1
Ich habe Chorin als Startpunkt gewählt, weil das für mich am besten mit der Regionalbahn erreichbar ist. Pünktlich zum Sonnenaufgang bin ich am Kloster. Dafür sehr früh aufgestanden zu sein, wird an der ganzen Reise das Leichteste sein. Ich starte also mit Abschnitt 13. Dieser präsentierte schönste Natur und bietet reichlich Kopfsteinpflaster, um die Vorzüge eines Mountainbikes zu genießen. Abschnitt 14 muss ich schieben. Ich liebe Bike&Hike, aber mit Gepäck ist das kein Spaziergang. Der Sinn dieser Tortur erschließt sich mir ganz plötzlich als ich vorm Gipfelkreuz stehe – der Watzmann – Brandenburg, deine Berge! Ich rechne kurz durch, wie viele Wochen ich für den OMBU brauche, wenn ich in dem Tempo weitermache. Abschnitt 15 wurde wohl zur Wiedergutmachung eingebaut. Das rollert schön und geschwind hat man ein paar Kilometerchen auf der Uhr. In Neu Hardenberg gönne ich mir für 20 Euro ein Fertigessen und einen Pappbecher Kaffee am Schloss. 500 Meter weiter wäre „Ali’s Imbiss“ gewesen. Abschnitt 16 im Sonnenschein: schöne Wiesenwege, Spaziergänger, die milde lächeln, als ich mein Rad über einen mächtigen Baumstamm hieve, um es zum Aussichtspunkt hochzuschieben. Am Checkpoint Buckow steppt der Bär. Wo kommen denn die ganzen Menschen her? (Berlin, Feiertag). Auf Abschnitt 17 denke ich, dass ich ewig so weiterfahren könnte. Ich schreibe Nic eine SMS – muss ja noch mein Starterpaket abholen. Er kommt mir auf Abschnitt 18 entgegen, eine schöne Überraschung und wir fahren zusammen zum Nullpunkt, dem Eisernen Denkmal. Jetzt hab ich 4 Trinkflaschen, was mir mentale Sicherheit gibt. Weiter geht es auf Abschnitt 1, jetzt nur noch auf der Suche nach einem Schlafplatz. Bald schaukelt meine Hängematte im Sonnenuntergang mit Seeblick. Ein Blick in den Wetterbericht stellt in Aussicht, dass ich es schaffen werde, vor dem Regen einzupacken.

2
Aufgewacht, es ist hell, also muss ich geschlafen haben. Alles trocken eingepackt.
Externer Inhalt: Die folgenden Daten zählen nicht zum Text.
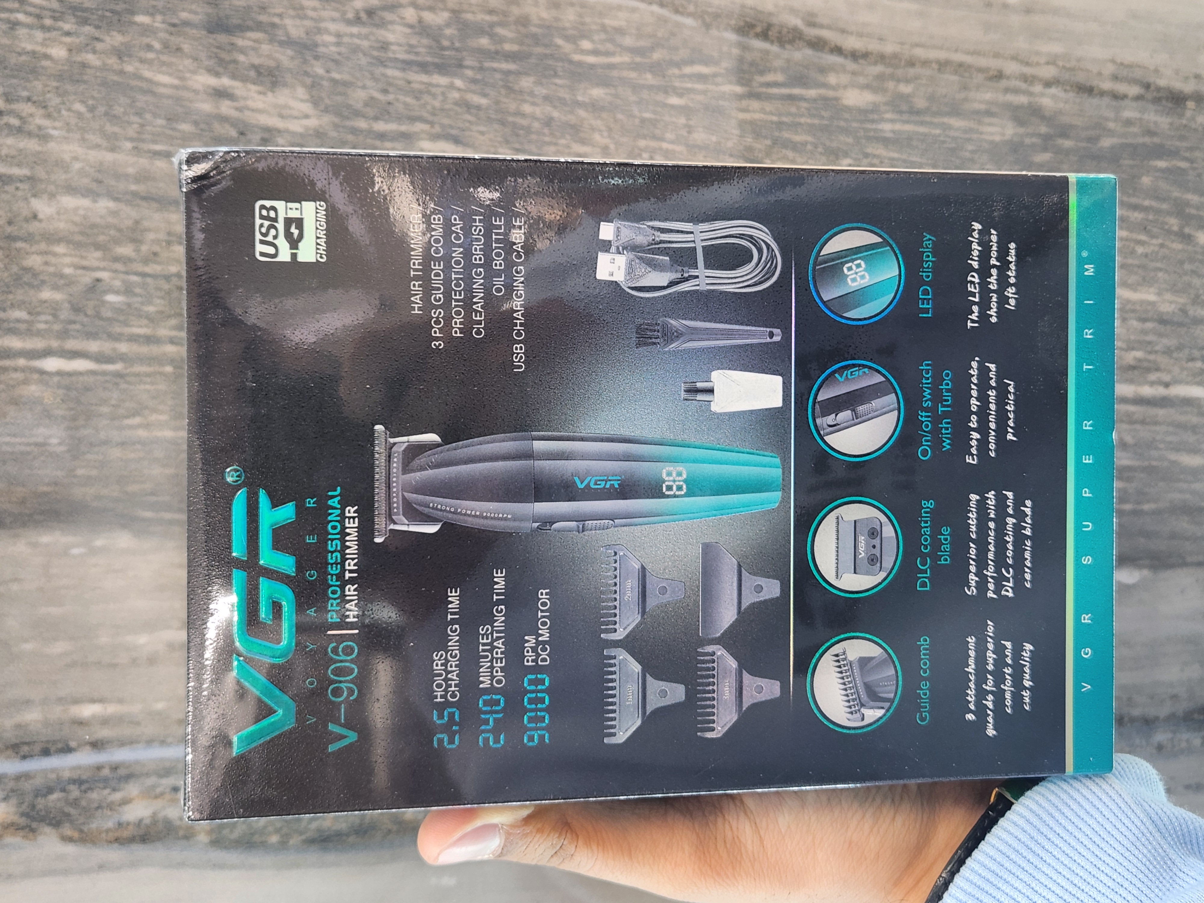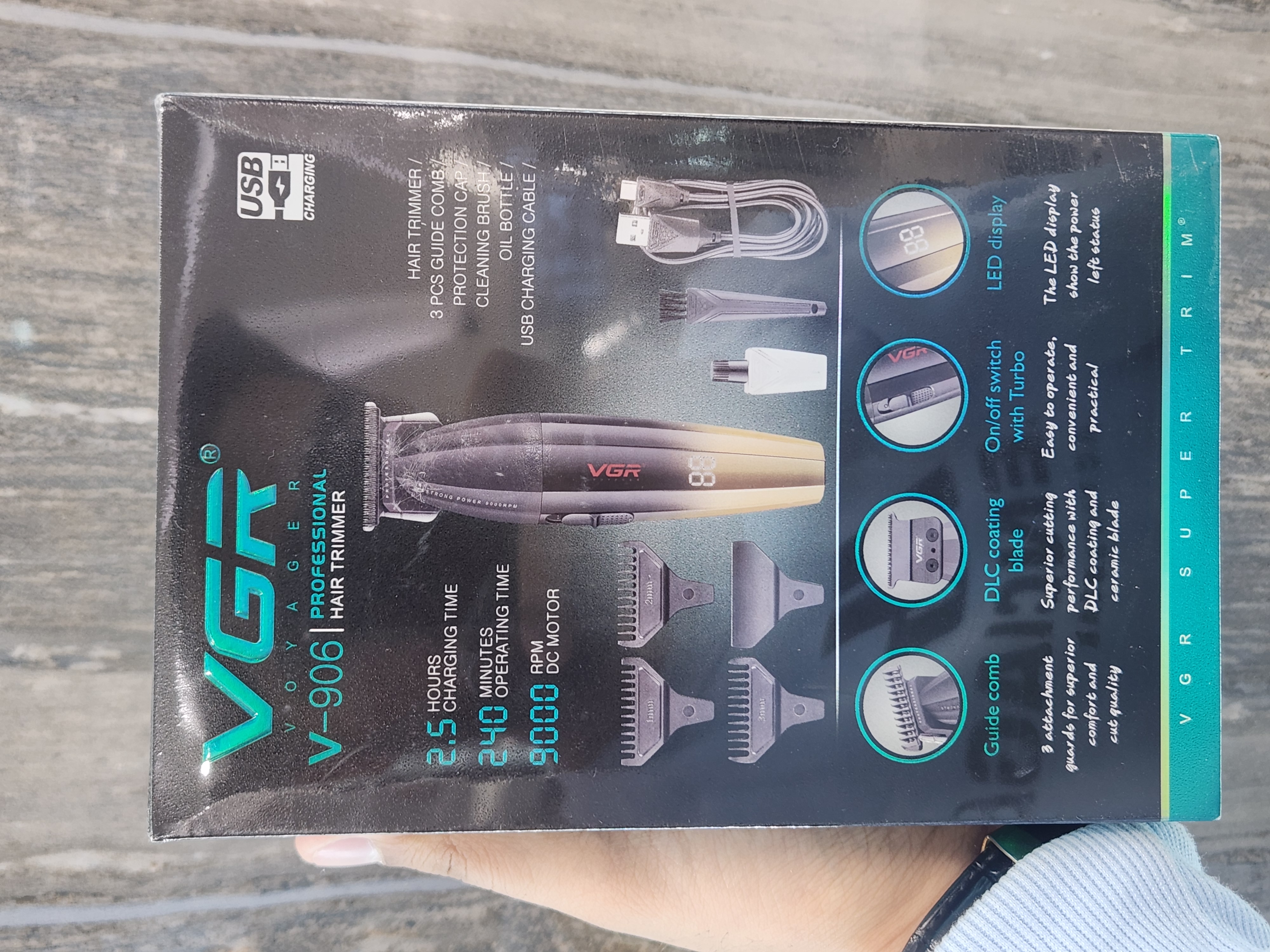 3 عدد شانه - درپوش حفاظتی - برس تمیز کننده - بطری روغن - کابل شارژ USB

Ein paar Reste gefuttert, voller Vorfreude auf ein vernünftiges Frühstück im Edeka von Lebus. Während ich am Navi herumfingere, fängt es an zu nieseln. Die Regensachen habe ich schon bereitgelegt, aber vielleicht reicht erstmal die Jacke? Nein, es fängt an zu schütten, also müssen an der nächsten Bushaltestelle auch noch die Regenhosen und Überschuhe drüber. Jetzt wird es richtig matschig. Mein armes Rad. Jeder Meter muss hart erkämpft werden, bloß nicht auf den Tacho gucken. Für die 30 km bis Lebus brauche ich 3 Stunden. Aber hat einer schon so schöne Biberbauwerke gesehen? Erwähnenswert sind auch die vielen Obstalleen, die blühen und duften. Wie die Matschfee schlurfe ich durch den Supermarkt und gönne mir ein paar pinke Gummihandschuhe. Von den blühenden Oderbergen auf Abschnitt 2 mache ich kein Foto, denn ich habe keine Lust mehr, das Handy aus den Regenjacke zu fummeln. Die Blümchen sind aber sehr schön. Wer Pferde liebt, wird auch Gefallen an den Reitwegen am Ende des Abschnitts finden. Zum Glück regnet es, sonst wären die ziemlich sandig. Und es regnet auch auf Abschnitt 3. Ich muss jetzt mal ins Trockene, um Kalorien einzuwerfen. Mit den Gummihandschuhen kriege ich die Schokoriegel nicht auf. Pause machen ist aber auch keine Option, denn stehend ist es zu kalt. Endlich 15 Uhr hört es auf zu regnen. Ich sehe für mich 2 Optionen: auf der Stelle tot umfallen oder trockenreiben. Ich entscheide mich dafür, letzteres zu versuchen, zumindest obenrum. Der Routengott schenkt mir 8 km Asphalt, die fast ausreichen, um die Regenjacke im Fahrtwind zu trocknen. Dann geht es auf den schönen Schlaubetalwanderweg und mir wird für eine Weile warm von der Doppelbelastung, mich auf die Idylle und die rutschigen Wurzeln gleichermaßen zu konzentrieren. Die Sonne kommt raus. Die Überschuhe können weg, aber natürlich sind Schuhe und Wollsocken klatschnass. Wie es unter der Regenhose aussieht, möchte ich gar nicht wissen. Es ziehen wieder dicke Wolken und Wind auf. Die nächste Hütte ist winddicht und geräumig. Ich beschließe zu bleiben, um mein Wunschdenken auf die Trocknung meiner Sachen zu konzentrieren. Als draußen wieder die Sonne scheint, liege ich schon im Schlafsack. Die Temperatur klettert kopfüber gegen Null, denn der Himmel ist nun wolkenlos.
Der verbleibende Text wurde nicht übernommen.